### Required action
Look below for the line with "trending ! Men's" and the line with "tiết truyền thống."; repeat exactly those two lines and all lines between them, but no pictures.

### Data to use
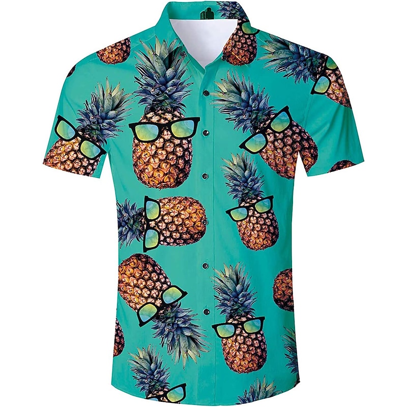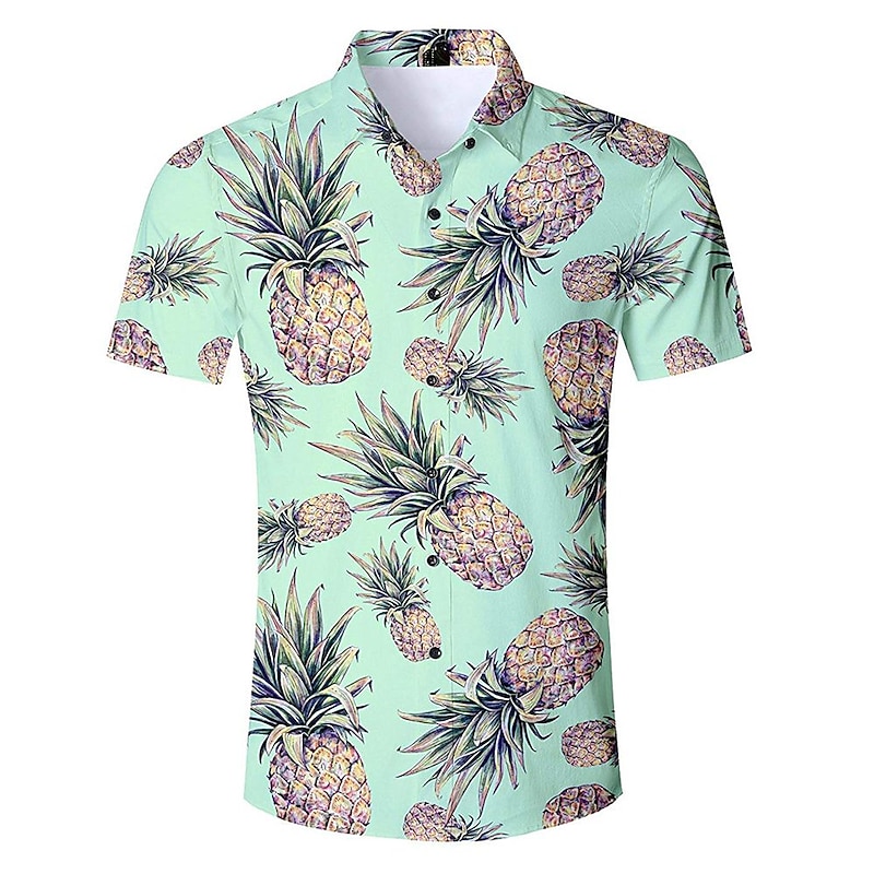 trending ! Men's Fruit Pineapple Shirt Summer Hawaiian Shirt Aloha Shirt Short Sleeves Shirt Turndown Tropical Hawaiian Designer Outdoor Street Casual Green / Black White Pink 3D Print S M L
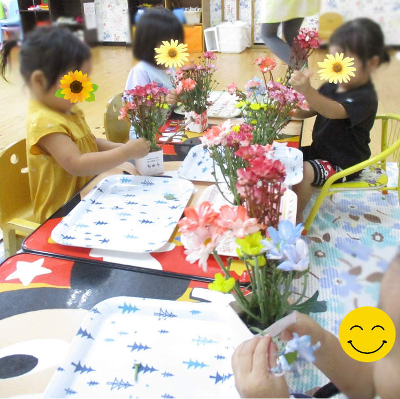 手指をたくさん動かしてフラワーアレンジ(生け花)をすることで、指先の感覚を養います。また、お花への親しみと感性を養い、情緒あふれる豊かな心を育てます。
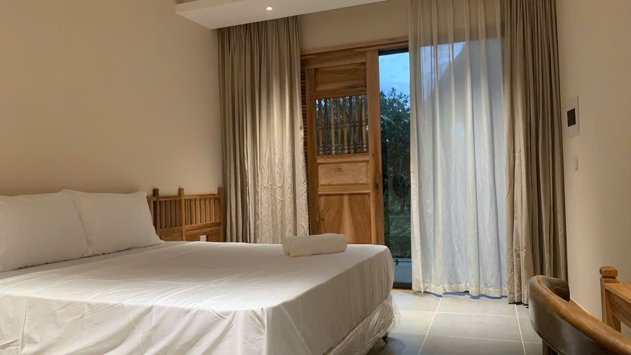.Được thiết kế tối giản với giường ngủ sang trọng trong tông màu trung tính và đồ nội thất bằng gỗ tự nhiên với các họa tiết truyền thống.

* * *

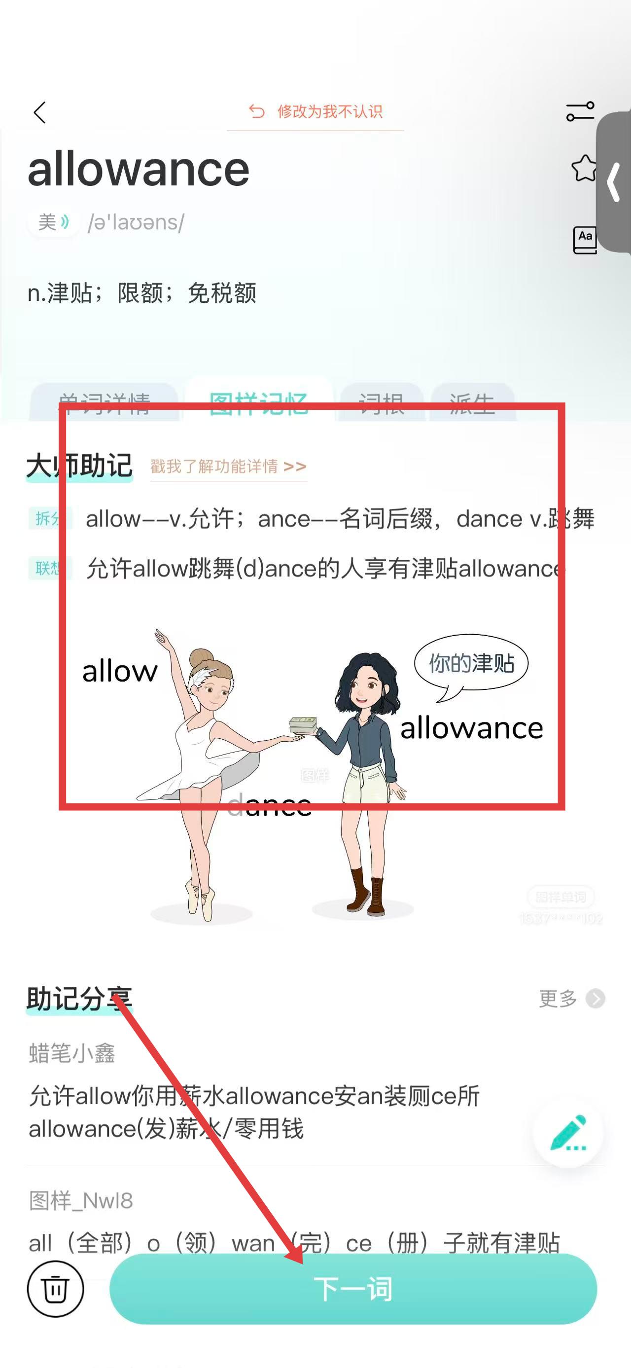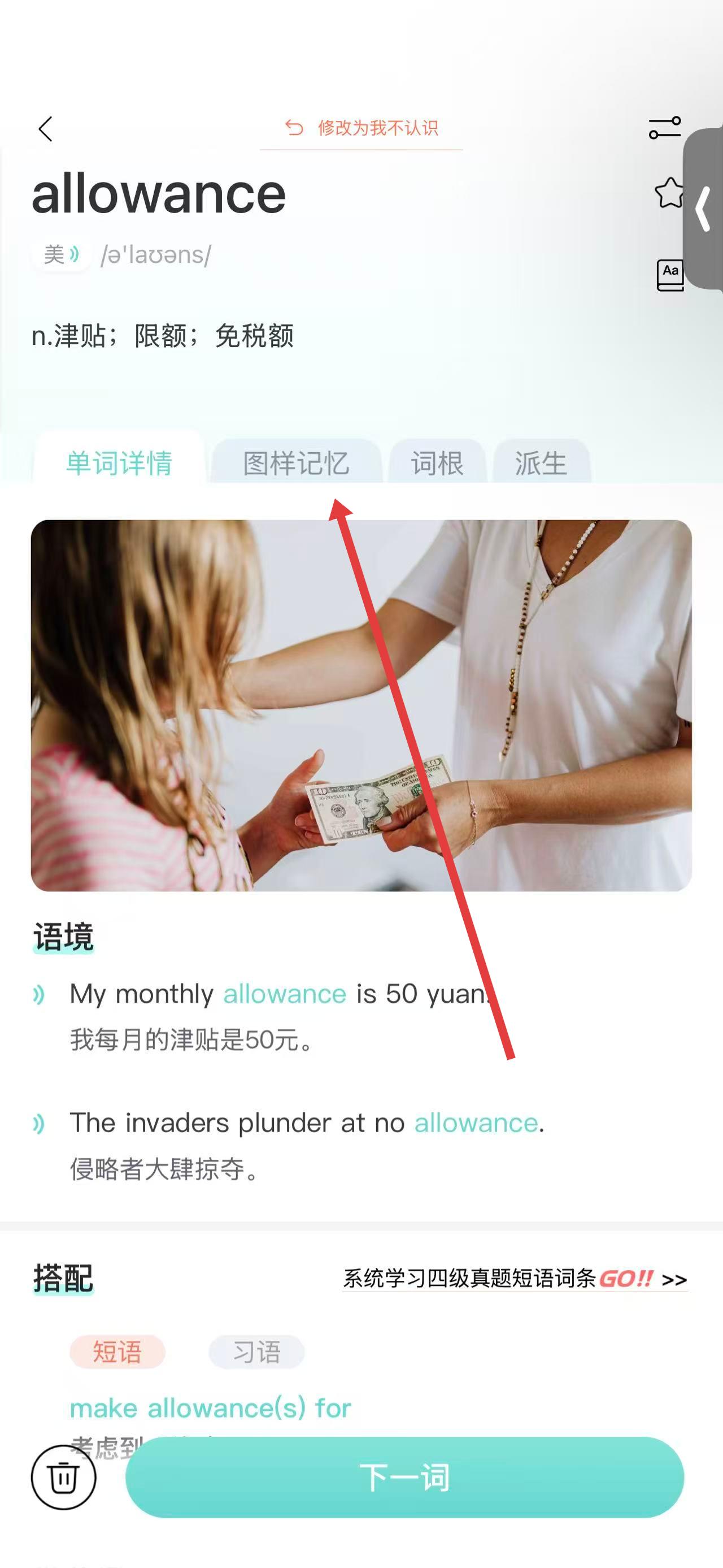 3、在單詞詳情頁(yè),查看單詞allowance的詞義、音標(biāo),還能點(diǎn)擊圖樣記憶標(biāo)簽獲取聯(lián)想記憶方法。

### Solution to this task
 trending ! Men's Fruit Pineapple Shirt Summer Hawaiian Shirt Aloha Shirt Short Sleeves Shirt Turndown Tropical Hawaiian Designer Outdoor Street Casual Green / Black White Pink 3D Print S M L
 手指をたくさん動かしてフラワーアレンジ(生け花)をすることで、指先の感覚を養います。また、お花への親しみと感性を養い、情緒あふれる豊かな心を育てます。
.Được thiết kế tối giản với giường ngủ sang trọng trong tông màu trung tính và đồ nội thất bằng gỗ tự nhiên với các họa tiết truyền thống.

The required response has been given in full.